Suddenly though, this mad track full of skittering energy and sounding like it had too many words to fit into its structure was everywhere. How had this happened to a band which if not a cult, were definitely on the fringes of the mainstream? Well, the band had promoted “One Week” hard in America by playing a series of radio station concerts which had resulted in massive airplay and, perhaps against all odds, a US Billboard Hot 100 chart topper!* No doubt that achievement would have meant a full on marketing drive on its UK release and sure enough, it debuted at No 5 over here.

*Rather poetically it would spend just one week at the top.

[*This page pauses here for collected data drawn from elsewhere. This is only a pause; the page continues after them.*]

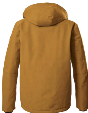
38853-00306 light brown
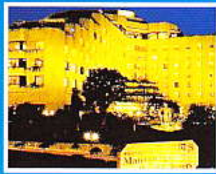
Hotel Maurya Sheraton, New Delhi
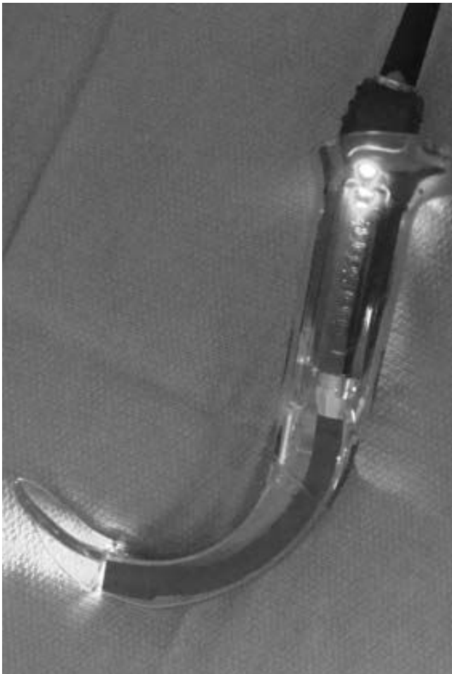
Figure 1 Photograph of the Glidescope laryngoscope. The device is held in the left hand and passed into the mouth over the tongue, and the tip placed in the vallecula or under the epiglottis.

The recent development of a number of indirect laryngoscopes, which do not require alignment of the oral-pharyngeal-tracheal axes, may reduce the difficulty of tracheal intubation in the prehospital setting. Two portable indirect laryngoscopes, which could be included in ambulance equipment inventories, are the Glidescope® (Saturn Biomedical System Inc., Burnaby, Canada) (Figure 1) and the AWS® (Hoya Corporation, Tokyo, Japan) (Figure 2) laryngoscopes. Clinical studies have demonstrated advantages over the Macintosh laryngoscope for both the Glidescope® [6-9], and the AWS® [8,10] laryngoscopes. However, the efficacy of the Glidescope® and the AWS®
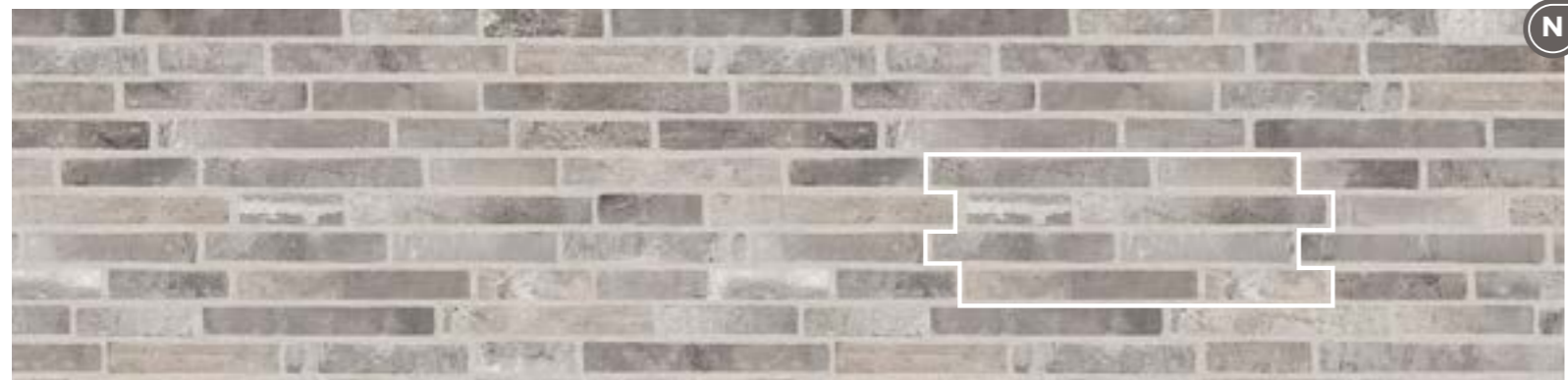
New York Grey - BKP 167
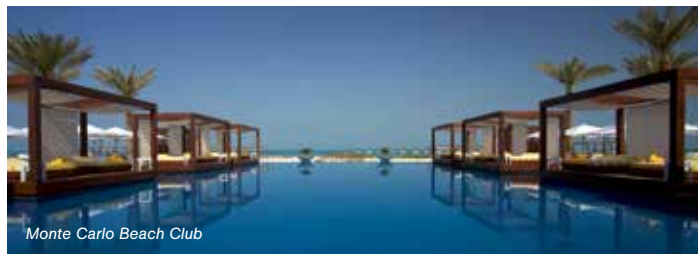
Monte Carlo Beach Club
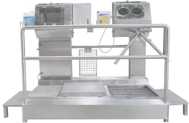
10.4212.00 – with towel dispenser and waste basket
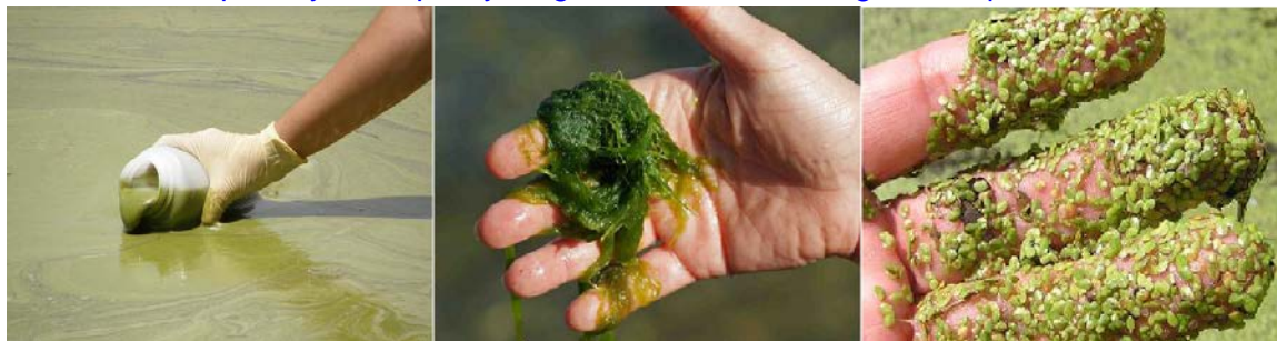
Figure 2. (from left to right): Cyanobacteria bloom, green algae and duckweed.

For help identifying a HAB, check out this visual guide fact sheet available on the CA HABs Portal here: https://mywaterquality.ca.gov/habs/what/visualguide_fs.pdf
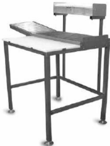
Pictured with 2ft infeed and POP label dispenser
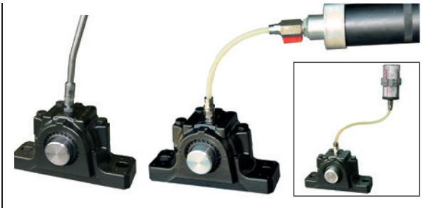
Lubricate the grease lines with a grease gun (fill tubes completely)
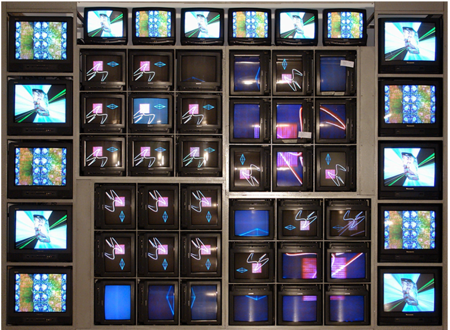
Nam June Paik - Internet Dream (1994)
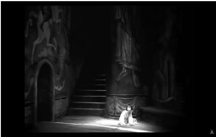
Fig. 1: Young Ivan attempting to circumvent a vast, open space right before his mother is poisoned by the Boyars. From Ivan the Terrible: Part II .
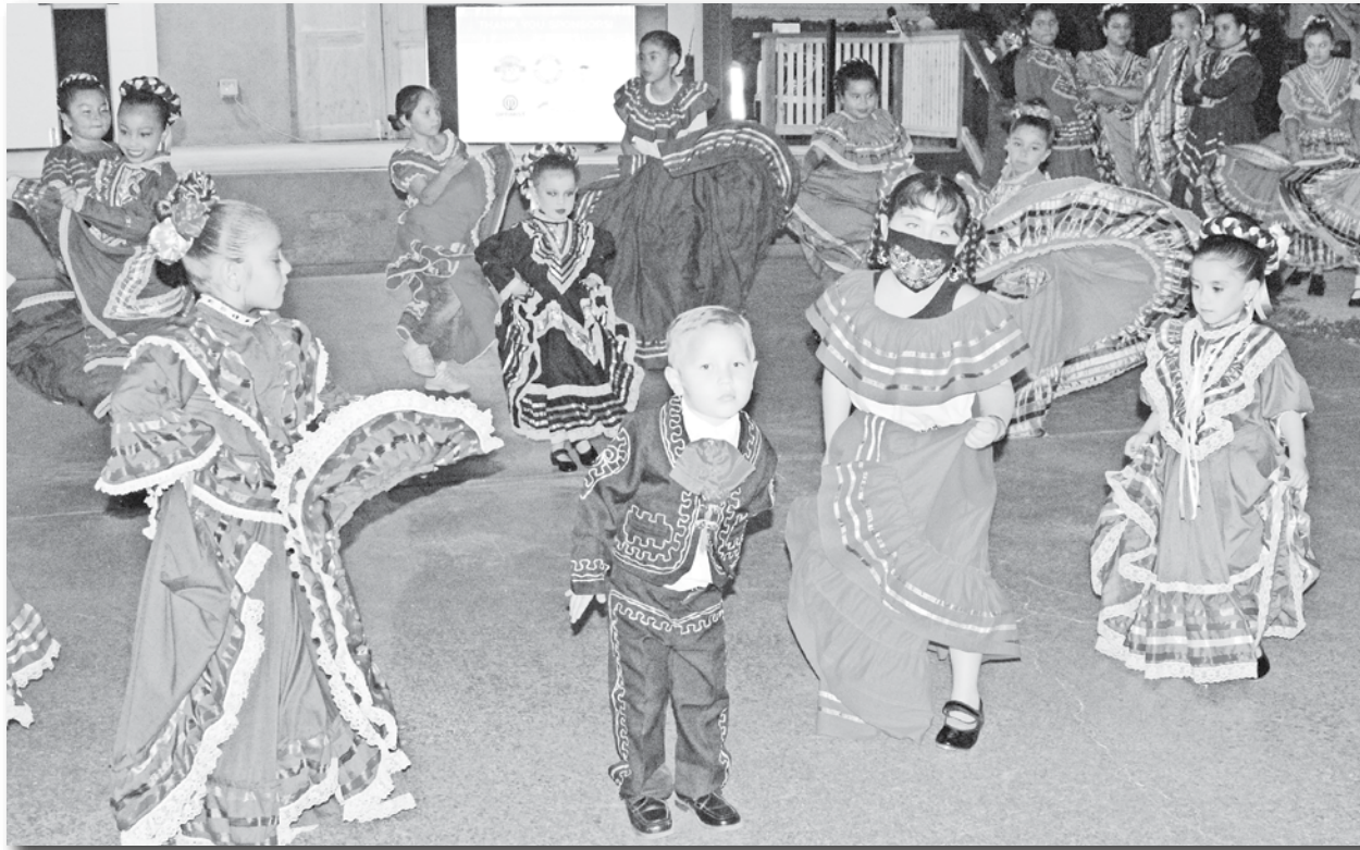
Superior Dance Company performs.
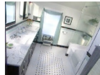
is converted into an Art Deco delight that gives the rest of the house a new lift.
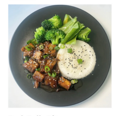
Pork Belly Bites $17.90
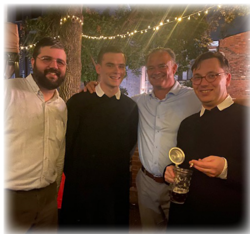
Celebrating the Feast of the Assumption
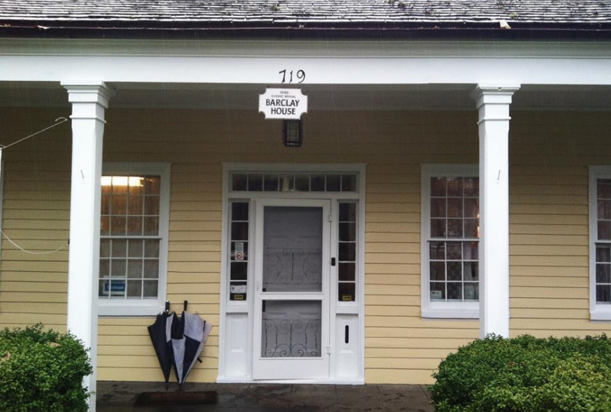
The Barclay House was one of several buildings at the park to be repainted in 2016. The choice of color was based on a historic paint layer on the house.
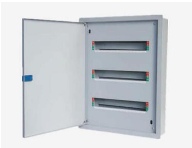
Figure 3. Electrical equipment tool.

There are two reasons for the failure of mechanical and electrical equipment components to burn out: (1) Human causes. The use of mechanical and electrical equipment is not standardized and the actual operating load is higher than the rated load for a long time, causing the internal circuit current to exceed the maximum allowable value of the component and burn out. In addition, mechanical and electrical equipment is exposed to a high temperature environment for a long time, which causes the insulation of internal components to decrease and burn out due to local short circuits. (2) Natural causes. In the operation of mechanical and electrical equipment, the protective measures are not in place, such as not paying attention to rain protection, lightning protection, etc., resulting in rainwater or lightning strikes, short circuits or excessive internal currents and burns [4] . The electrical equipment tool is in the figure below.
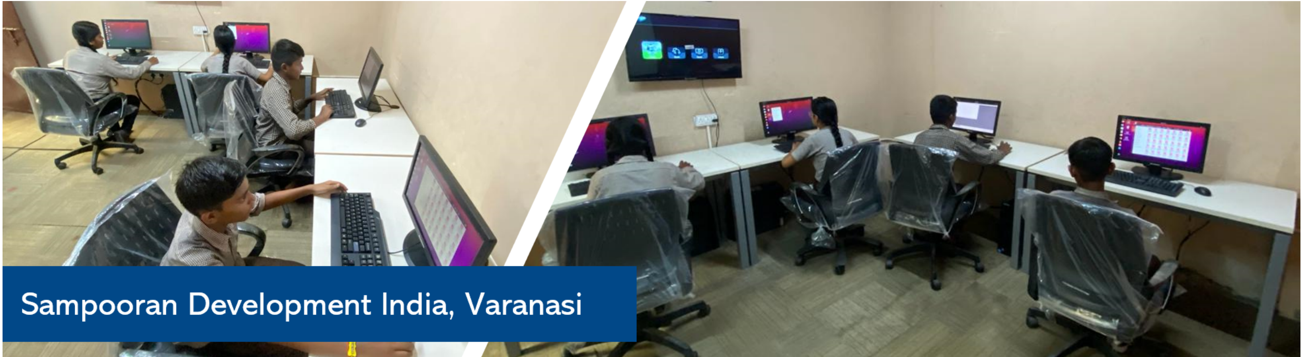
Sampoorn Development India, Varanasi
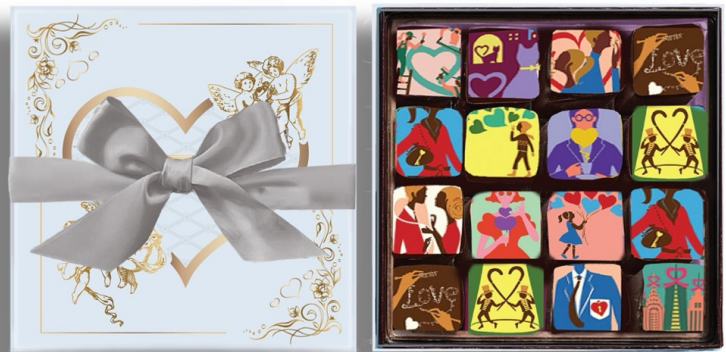
Mariebelle New York Valentine’s Day Collection
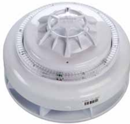
XPA-CB-14025-APO XPander Combined Sounder Visual Indicator (Clear) and Heat Detector (Class A1R)
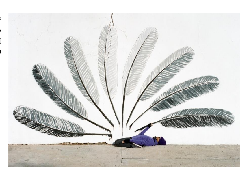
Robin Rhode, Twilight, 2012 8 individual C-prints 41.59 cm x 61.59 cm (framed)
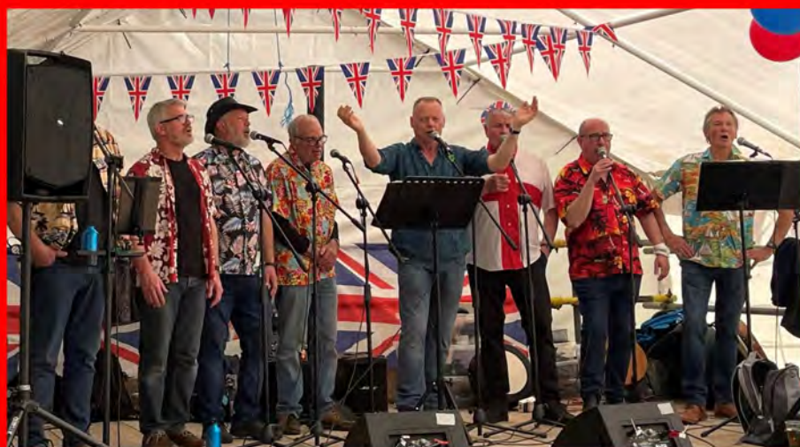
Pictured above—The Back Beach Boyz,
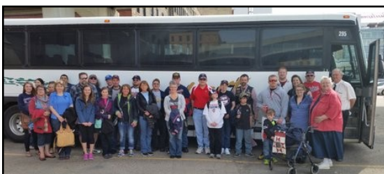
Many veterans and family members prepare for a Twins game at Target Field.
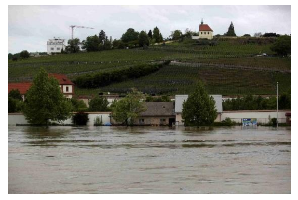
Floods in Troja District in 2002, on the front left early Baroque Chateau Troja

The main objective of the event is to present the latest developments in the Interreg Central Europe project ProteCHt2save to European and local authorities and stakeholders, with special accent on experiences in historic Prague , and to present a perspective and experiences from the point of view of management of cultural heritage protection in the changing environment.
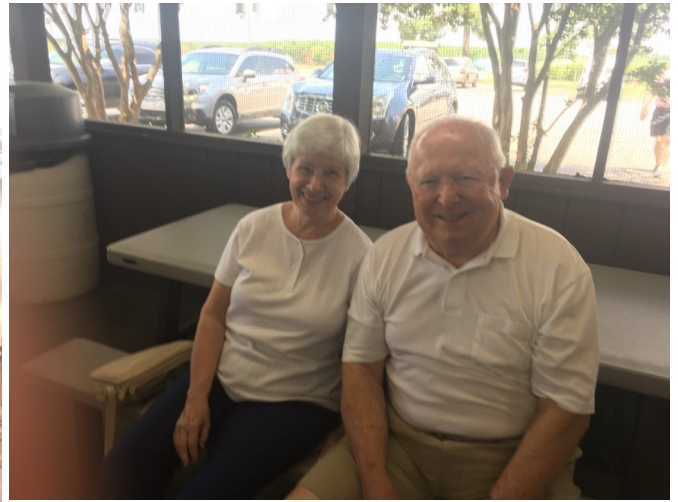
South Carolina Peaches
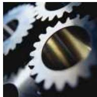
STI's software tools and services make your organization's application software work as one.

Semper Technology, Inc., (STI) provides cutting edge software tools and services to Raiser's Edge (RE) users. Our Xtend™ software tools allow us to rapidly and cost-
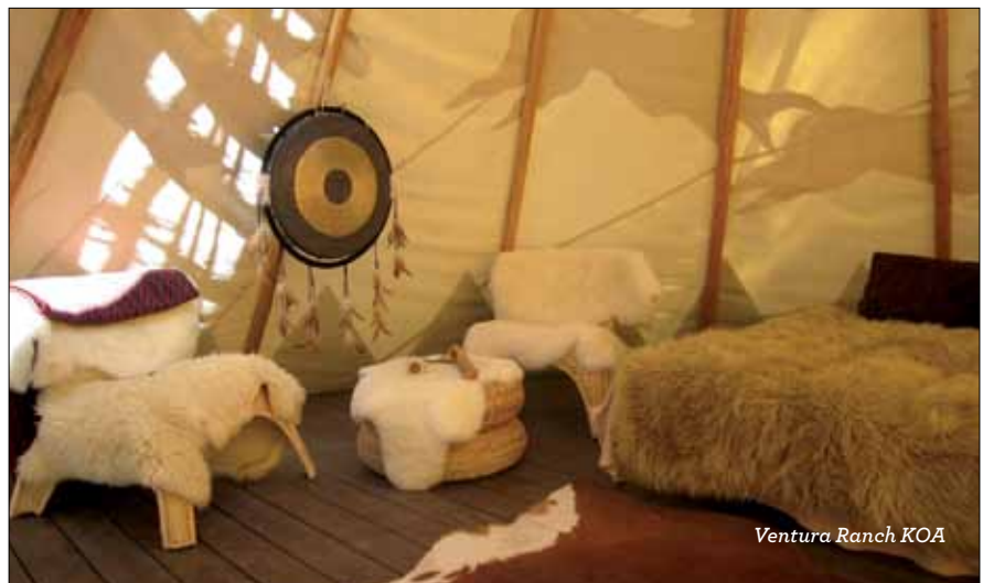
Ventura Ranch KOA

$169 – $299 per night | treebonesresort.com

So that’s how it became a massive hit but what about the ‘why?’. OK so, firstly it has a killer chorus that could have been jarring against the overly verbose verses but actually works perfectly as a way of resolving all that wordplay. Ah yes, those words. Why were they full of pop culture references and whatever did it all mean? According to the band’s Ed Robertson, he’d worked out the track’s chorus but hadn’t a clue what to do about the verses until fellow band member Steven Page told him to just “Freestyle it”. And so Robertson did which means, I guess, that it was all made up nonsense with no meaning at all? Sometimes things just work though and it all hung together in a madcap display of improvisation. You do have to acknowledge the blending of the lyrics. My favourite rhyming couplet is this I think:

“Like Harrison Ford I’m getting frantic
Like Sting I’m tantric”

Source: Musixmatch
Songwriters: Ed Robertson
One Week lyrics © Wb Music Corp., Treat Baker Music Inc.

However, there’s loads more to admire. For example, name checking Japanese filmmaker Akira Kurosawa, German orchestra leader and easy listening legend Bert Kaempfert and American teenage singer LeAnn Rimes in the same song takes a special kind of imagination. Sadly, the live vocals in this TOTP performance don’t quite do it justice.

The final reason for its success? Well, the UK charts have always been accommodating of a single that not a novelty but a bit out there. Off the top of my head there’s “Mmm Mmm Mmm Mmm” by Crash Test Dummies, “Camouflage” by Stan Ridgeway, “O Superman” by Laurie Anderson and later on in these 1999 repeats we’ll be hearing Baz Luhrmann’s “Everybody’s Free (To Wear Sunscreen)”. “One Week” could find a place quite comfortably in such a list. Barenaked Ladies would manage one more minor UK chart entry but are still together recording new material with their last album being 2023’s “In Flight”.

An exclusive preview of a massive song next. Literally epic. Or just overly long depending on whether you like it or not I guess. Having emerged bruised from 1995’s Battle of Britpop, Blur regrouped and came back with a platinum selling No 1 album and two of their most iconic singles in “Beetlebum” and “Song 2”. In the meantime, it was their nemesis Oasis who had suffered the brickbats and barbed criticisms of their third album “Be Here Now” and promptly disappeared for the rest of the decade. The field, therefore, was clear for Blur to unleash their sixth studio album without the omnipresence of the Gallaghers and the comparisons that had tripped them up in the past. The lead single was “Tender”, a 7:40 long lament to Damon Albarn’s broken relationship with girlfriend Justine Frischmann of Elastica. With its hopeful refrain of “Come on, come on, come on, get through it” and a gospel choir backing, it gave off heavyweight vibes literally on first hearing. And yet, it also had that lo-fi guitar opening – it was a masterclass in how to slowly build a song. I was convinced it would be the band’s third No 1 single and it would have been but for the commercial wrecking ball that was Britney Spears’ “…Baby One More Time”. Despite having to settle for No 2, its first week sales of 176,000 copies was more than many actual No 1 singles that year. Whatever its numbers said, it was a demonstrably braver and more interesting direction than the one taken by Oasis as the end of the 90s came into view.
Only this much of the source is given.